08 março 2009

Portuguese style


Ao concluir este post, eu dei-me conta que o maior catante actualmente existente em Portugal é o próprio país. Este é o país católico por excelência que decidiu imitar as instituições protestantes desde 1820. Falhou sempre. Decorridos trinta e cinco anos sobre o início da última tentativa, já passou o tempo suficiente para que tenha perdido o sapato de cetim católico - a verdade - para ficar com o tamanco - a falsidade; e para demonstrar não ser capaz de calçar o sapato de veludo protestante - a justiça ou equidade - para ficar com o chinelo - a iniquidade.

A generalização do arquétipo-catante do individual para o colectivo pode ser abusiva, e a generalização abusiva é o maior risco da forma católica de pensar (o maior risco da forma protestante é, pelo contrário, a inferência abusiva). Mas não custa experimentar: Será o modelo catante eficaz para explicar a vida pública portuguesa actual?

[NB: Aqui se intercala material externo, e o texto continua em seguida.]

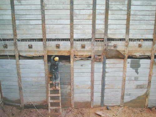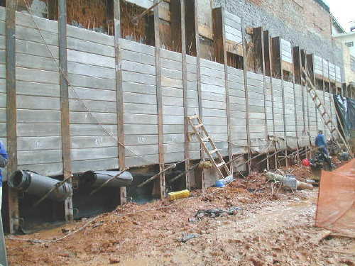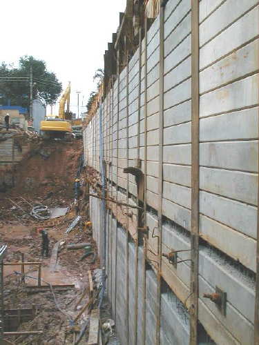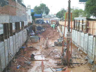 | - Foto em 19/04/04 - Perfis cravados e executando cortina até o 1o.SS. | |

Relembro as duas traves mestras que caracterizam o indivíduo, agora país, catante: a falsidade e a iniquidade. Se o modelo fôr eficaz, falsidade e iniquidade serão as características predominates da vida pública portuguesa actual, a qual poderá então ser descrita assim "A aparência da vida pública portuguesa não corresponde à realidade - a característica da falsidade -, e a realidade da vida pública portuguesa não corresponde àquilo que se julga - a característica da iniquidade. Por outras palavras, a vida pública portuguesa actual é pior do que parece; e a realidade é pior do que se julga".

A maior parte dos grandes temas que aparecem na imprensa sobre a vida pública portuguesa são temas respeitantes à verdade ("É verdade ... é mentira...?"), porque os portugueses são mais sensíveis às questões de verdade do que às questões de equidade. Porém, também as questões de equidade ("É justo ... não é justo...?") começam a fazer as primeiras páginas dos jornais, o que é um péssimo sinal. E é um péssimo sinal porque, não possuindo os portugueses sentido de equidade e sendo largamente indiferentes a ela, tal significa que as iniquidades existentes são gravíssimas.

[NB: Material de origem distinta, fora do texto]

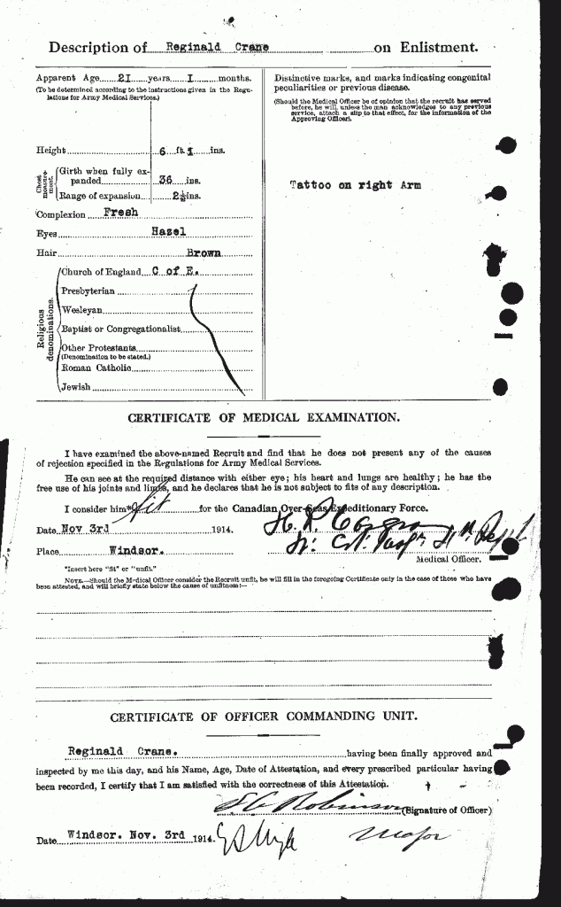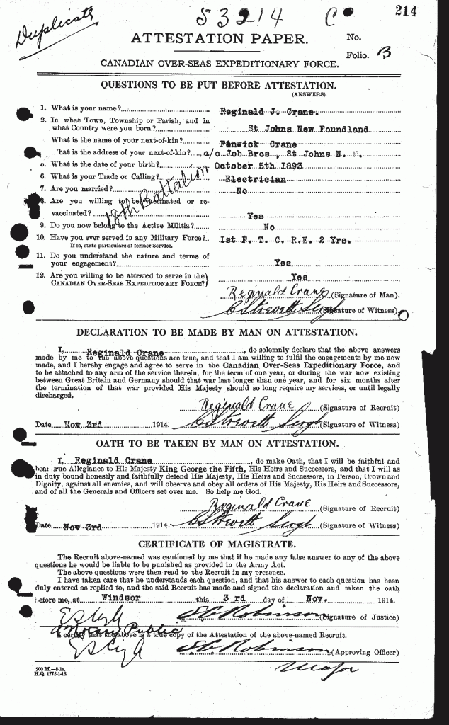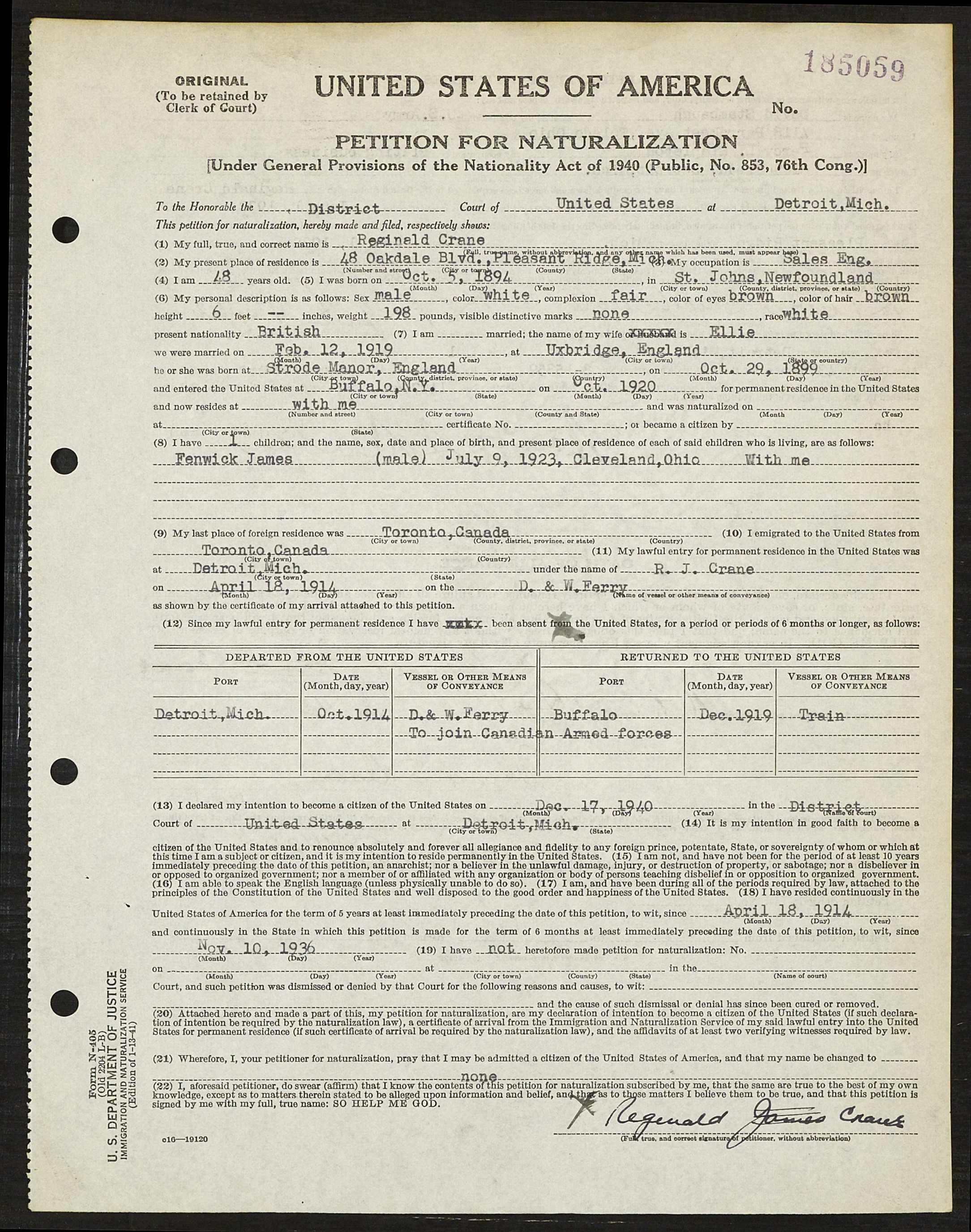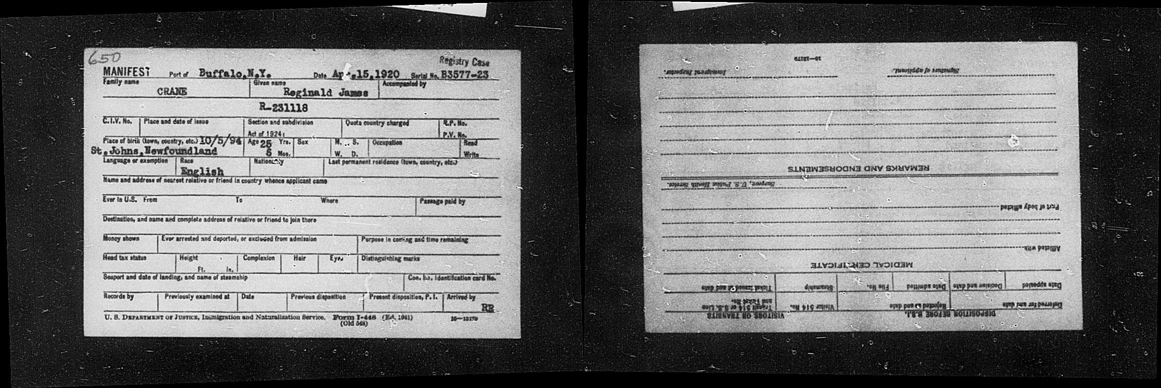 Family Search: When Reginald James Crane was born on 5 October 1895, in St. John’s, Newfoundland, his father, Fenwick Crane, was 31 and his mother, Mary Morry, was 33. He married Ellie Gladys Lloyds May Coombs on 12 September 1919, in Uxbridge, Middlesex, England, United Kingdom. They were the parents of at least 1 son. He immigrated to Detroit, Wayne, Michigan, United States in 1914 and lived in Toledo, Lucas, Ohio, United States in 1930 and Pleasant Ridge, Oakland, Michigan, United States in 1940. He registered for military service in 1914. In 1914, at the age of 19, his occupation is listed as electrician. He died on 25 November 1977, in West Palm Beach, Palm Beach, Florida, United States, at the age of 82, and was buried in Juno Beach, Palm Beach, Florida, United States.

Por exemplo, Sábado, uma das nótícias que fazia a primeira página do Público - a par dos insultos no Parlamento - era uma questão de equidade em que a CGD era a figura principal. Ao longo dos últimos anos, sempre que concedeu crédito à habitação a milhares dos seus clientes, a CGD enganou-se a calcular as deduções fiscais, fazendo-o por excesso. O Fisco deu recentemente conta do erro e exigiu à CGD a entrega dos montantes em dívida. E o que fez a CGD? Foi à conta dos clientes, sem qualquer aviso, e sacou de lá os montantes devidos. Pessoas que tinham os seus saldos para sustentar a família, que compraram casa há cinco anos ou mais, que julgavam que a sua situação perante o fisco estava regularizada, ficaram com as contas a descoberto. Sem dinheiro para fazer face às suas despesas do mês. Isto não é meramente abuso. É uma brutalidade.

Valeu que, sendo milhares os atingidos, o assunto chegou rapidamente às páginas dos jornais, porque se fossem apenas umas centenas teriam de aguentar o abuso e calar. Mas mesmo assim o que é que a CGD se propõe fazer? Emprestar aos clientes o dinheiro para regularizar a situação com o fisco, mas pagando os clientes juros pelo empréstimo.

Há um montante total, representando a agregação de muitos montantes individuais, que está em atraso perante o fisco, portanto juros são devidos pelo atraso. Quem cometeu o erro que gerou o atraso foi a CGD, mas quem paga os juros são os clientes. Fairness, Portuguese style.